Three of the general diagnostic DSSs have been evaluated for their intended (non-bioterrorism related) purposes. In these evaluations, the general diagnostic DSSs typically performed better than physicians-in-training but not as well as experienced clinicians. However, the accuracy of the DSSs decreased for difficult cases. The need for clinicians to manually enter patients' signs and symptoms into diagnostic DSSs -- a laborious step that may be a barrier to the use of these systems and has been demonstrated to increase inter-user variability -- is eliminated by the few systems that automatically collect patient data from an electronic medical record.
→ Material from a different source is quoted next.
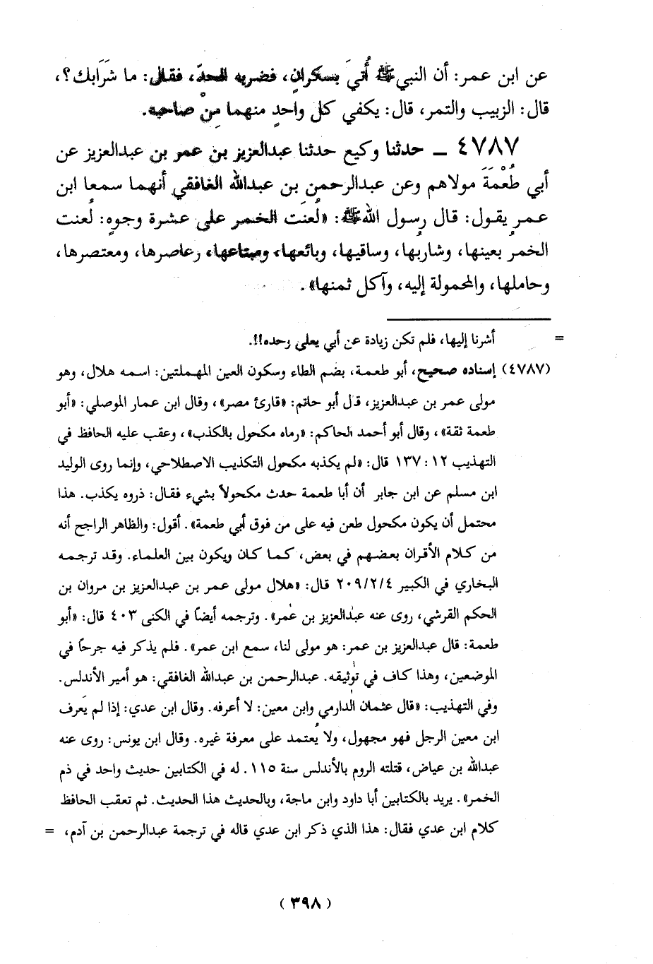 4787 - حدثنا وكيع حدنْنا عبد العزيز بن عمر عبد العزيز عن أبي طُعْمَةَ مولاهم وعن عبد الرحمن بن عبد الله الغافقي أنهما سمعا ابن عمر يقول: قال رسول الله -صلي الله عليه وسلم -: "لُعنَت الخمر. علي عشرة وجوهٍ: لُعنت الخمرُ بعينها، وشاربُها، وساقيها، وبائعها، ومبتاعها، وعاصرها، ومعتصرها، وحاملها، والمحمولة إليه، وآكل ثمنها"
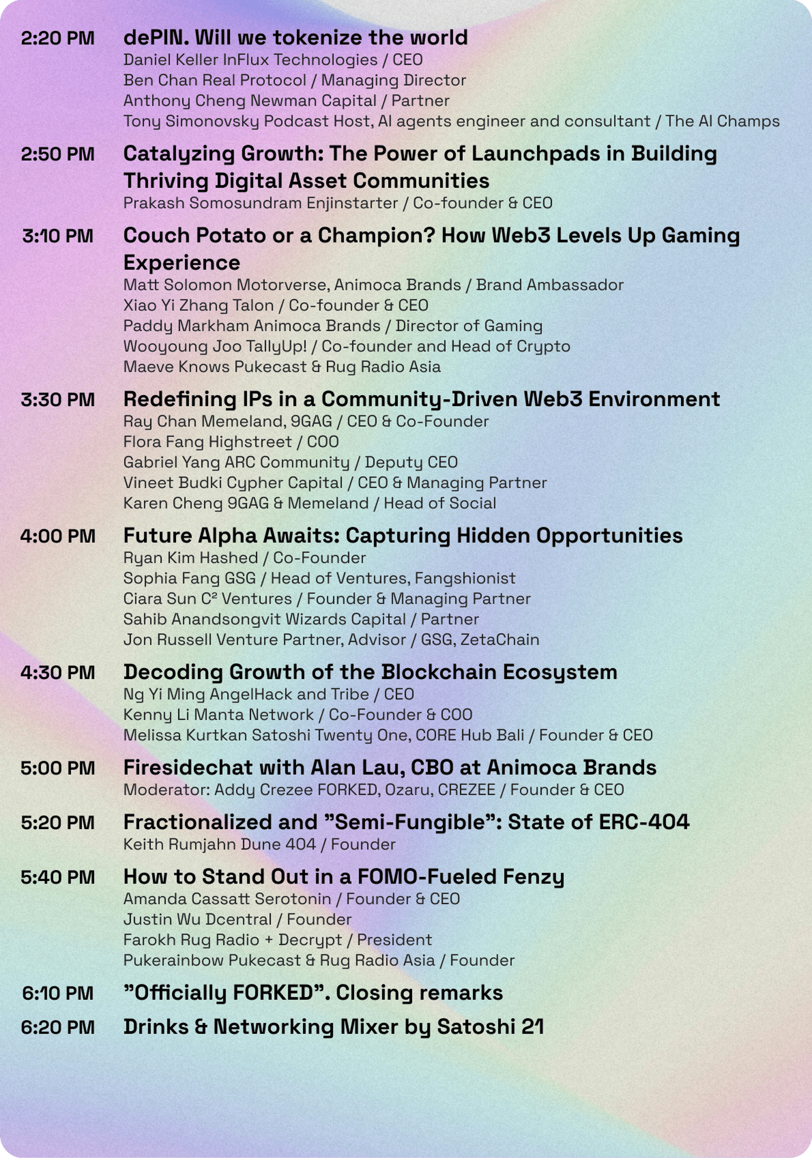 FORKED is the premier destination to meet industry leaders and gain insights from discussions on stage, and for those seeking funding and support for their Web3 products.

For example, there are diagnostic DSSs currently available in hospitals with electronic medical records that provide clinicians with an estimate of the likelihood of community-acquired pneumonia or active pulmonary tuberculosis based exclusively on data collected from the medical record. Many diagnostic DSSs use probabilistic information about the likelihood of disease. Because bioterrorism-related illness is relatively rare, in the event of bioterrorism these systems will have inappropriately low pretest probabilities for biothreat agents. None of the reports of diagnostic DSSs described the ability to change the probability of disease based on information about suspected bioterrorism events.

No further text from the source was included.